= Beginning of Section =
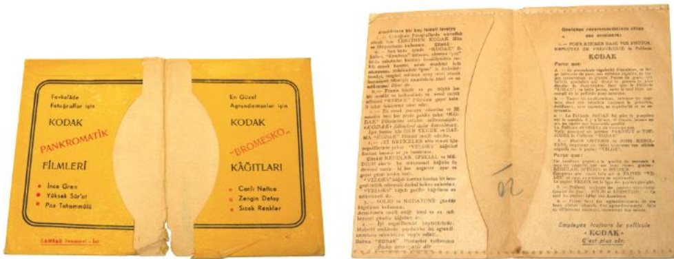
Görsel 20. Kodak Fotoğraf Saklama Zarfı İç Tasarım Örneği.

Kaybolmaya yüz tutmuş ambalaj tasarımlarından birisi de, kurutma aşamasından sonra, ütülemeden önce yapılan, geleneksel bir yöntem olan kolalamaya ait, pirinç kola ambalaj tasarımlarıdır. Atlı markasına ait halis pirinç kola markası, içinde bulunduğu döneme uygun olarak markasının isminden çıkış yolu bularak, bir atlı görseli kullanılmıştır. Çamaşırların daha kolay şekil alması, yenilenmesi, parlaması için pirinç ve plastik malzemeden yapılan katkı malzemesi olan pirinç kolası, günümüzde çok kullanılan bir ürün olmadığı için ürünle birlikte, ambalajı da yok olmaya yüz tutmuştur.
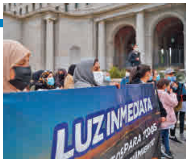
Uno de los actos reivindicativos de la población

liana. La Delegación del Gobierno en Madrid apuesta por una acción coordinada de las administraciones para solucionar los problemas en este enclave de la capital. Además, los vecinos de la Cañada Real Galiana organizarán
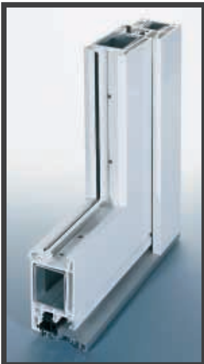
Profilschnitt Aluminium-Haustür Serie TOP
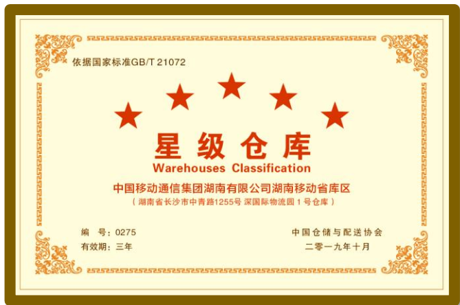
▲ 铜牌 (600mm×400mm)
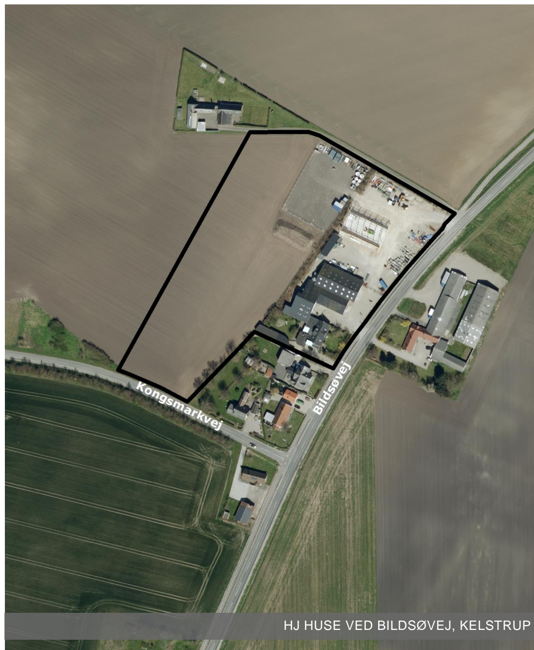
HJ HUSE VED BILDSØVEJ, KELSTRUP

Planforslaget har været fremlagt i offentlig høring fra den 1. juni 2018 til den 29. juni 2018.
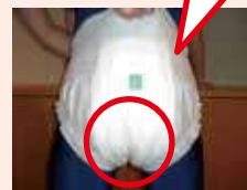
はいた後に引き上げた状態
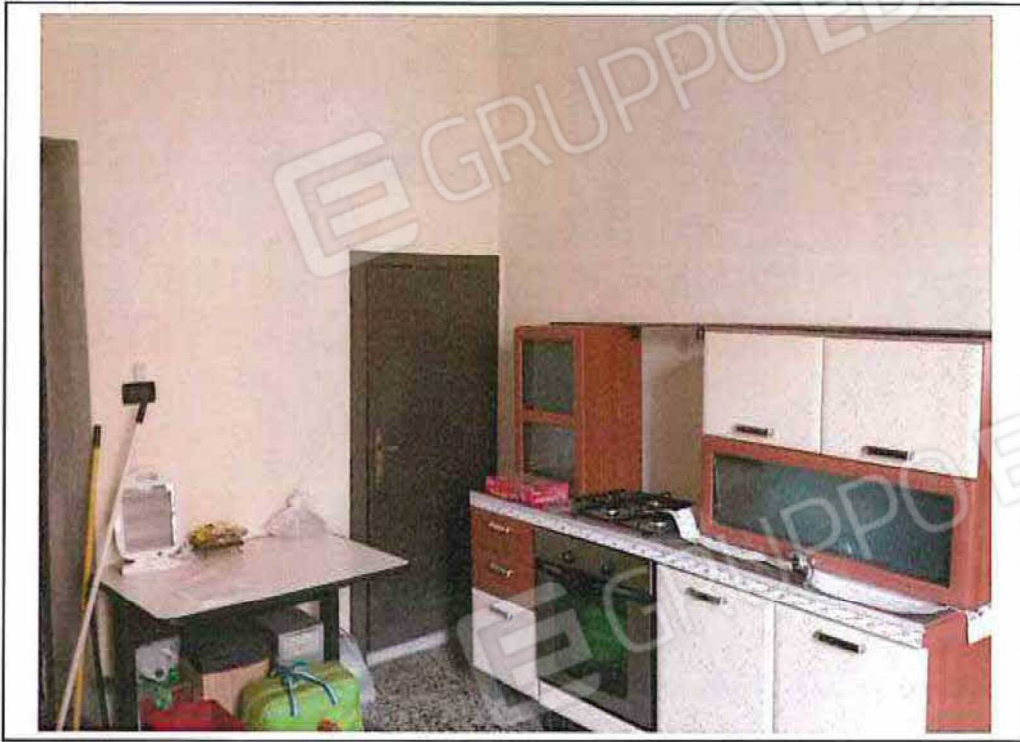
FOTO 15 – Ambiente "Cucina/Pranzo" vista della porta del ripostiglio
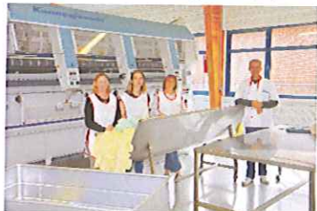
La blanchisserie industrielle

Une Repasserie et Pressing Ecologique «L'Affaire à Repasser» au centre ville de Dieppe qui offre un service de qualité à plus de 800 clients réguliers
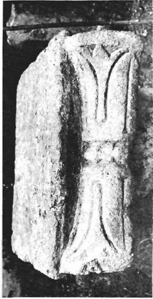
β. Ἴωνικὸ κιονόκρανο ΑΓ 74 (ἀριθ. κατ. 19)
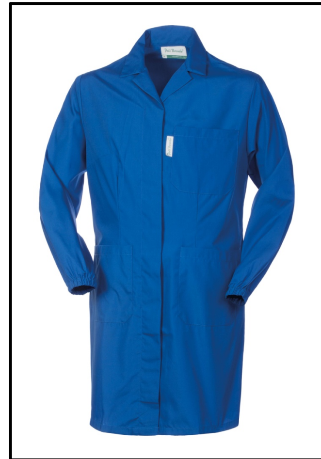
06 – AZZURRO ROYAL
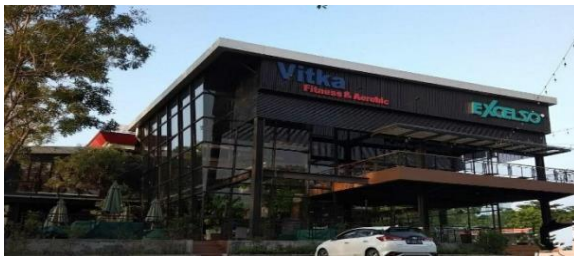
Gambar 2 Excelso Kota Batam

Lokasi penelitian ini dilakukan di Cafe Excelso Vitka Point Tiban Kota Batam Jl. Gajah Mada, Tiban Lama, Kec. Sekupang, Kota Batam, Kepulauan Riau 29426.
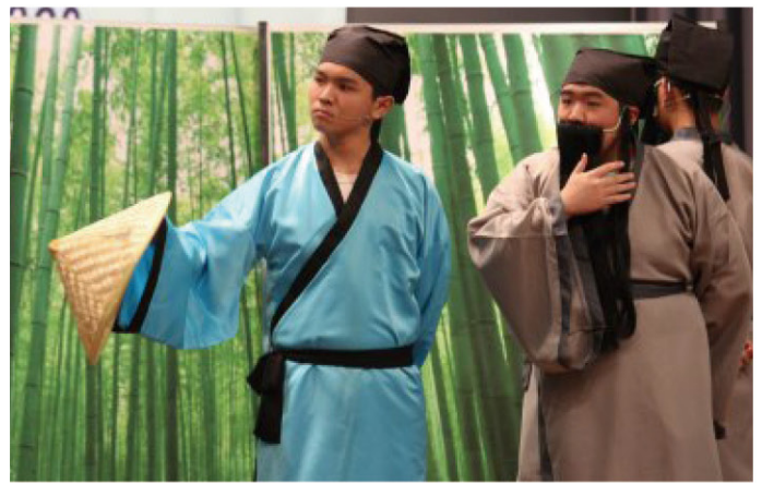
▲ 本校中四及中五級同學，以蘇軾《定風波》為藍本，改編朗讀劇場《也無風雨也無晴》。
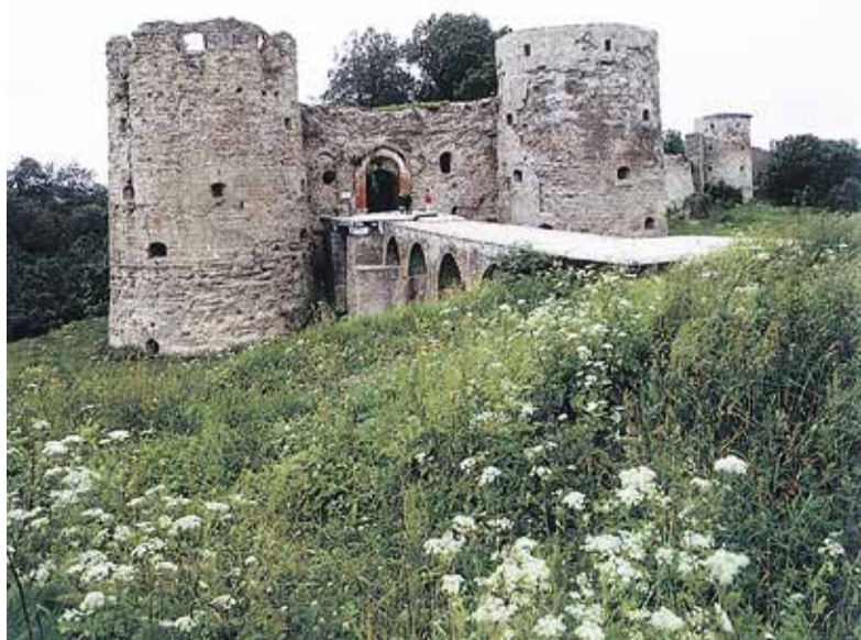
Рисунок 3. Копорская крепость, заложена в 1237 г. Объект Всемирного наследия ЮНЕСКО
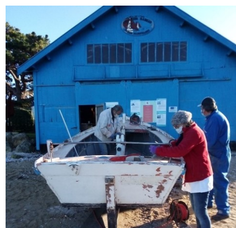
... comme à l'extérieur, tous masqués

Retrouvez dans ce nouveau bulletin, les moments forts de cette année bien particulière et celles et ceux qui font la force et le plaisir de notre association.
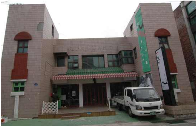
▲ 월간 토마토 대흥동 사무실 전경.
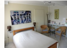
Un couchage confortable et le coin salon idéal pour se détendre

Confortablement meublée, baignée par la lumière naturelle, la pièce principale de 20 m 2 s'ouvre sur la vallée. Elle est équipée d'un confortable lit double. La cuisine comprend tout l'équipement nécessaire à la préparation des repas : réfrigérateur-congélateur, plaque de cuisson, hotte, mini-four et micro-onde. La vaisselle et les ustensiles sont fournis. Une douche spacieuse, les toilettes et divers rangements complètent la salle d'eau.
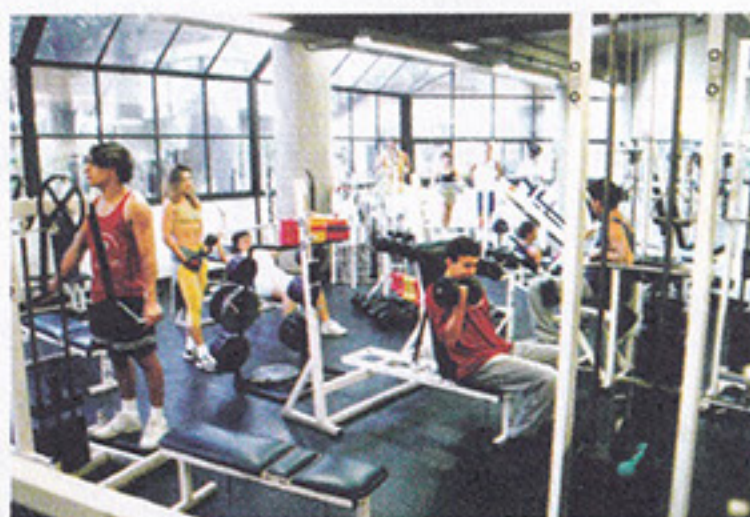
Musculação pra galera
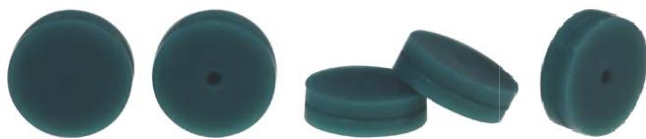
气相色谱分GC 绿色进样隔垫 直径11×3mm，耐温度250℃， 25只/罐
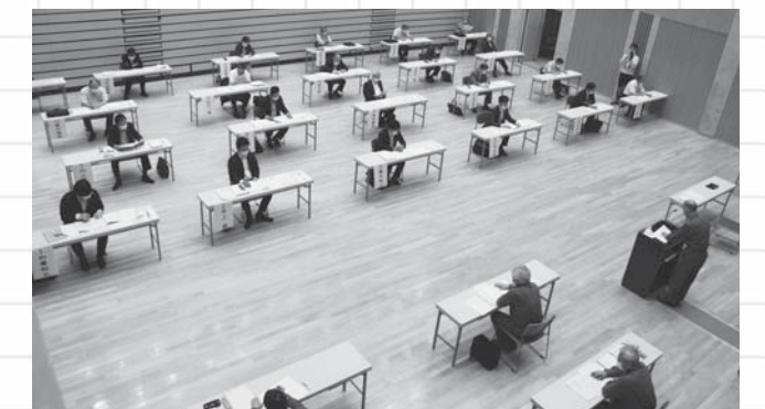
コロナ禍での6月定例会

新型コロナウイルス感染症拡大防止対策として3密を避けるため、会期日程を一部変更し、本会議も小見川市民センター多目的ホールで開催しました。また、一般質問は、香取市議会では初の試みとなる書面質問で取り扱いました。
= End of Section =
Lines containing the word "confortable" must all be returned from the material above.

Un couchage confortable et le coin salon idéal pour se détendre
Confortablement meublée, baignée par la lumière naturelle, la pièce principale de 20 m 2 s'ouvre sur la vallée. Elle est équipée d'un confortable lit double. La cuisine comprend tout l'équipement nécessaire à la préparation des repas : réfrigérateur-congélateur, plaque de cuisson, hotte, mini-four et micro-onde. La vaisselle et les ustensiles sont fournis. Une douche spacieuse, les toilettes et divers rangements complètent la salle d'eau.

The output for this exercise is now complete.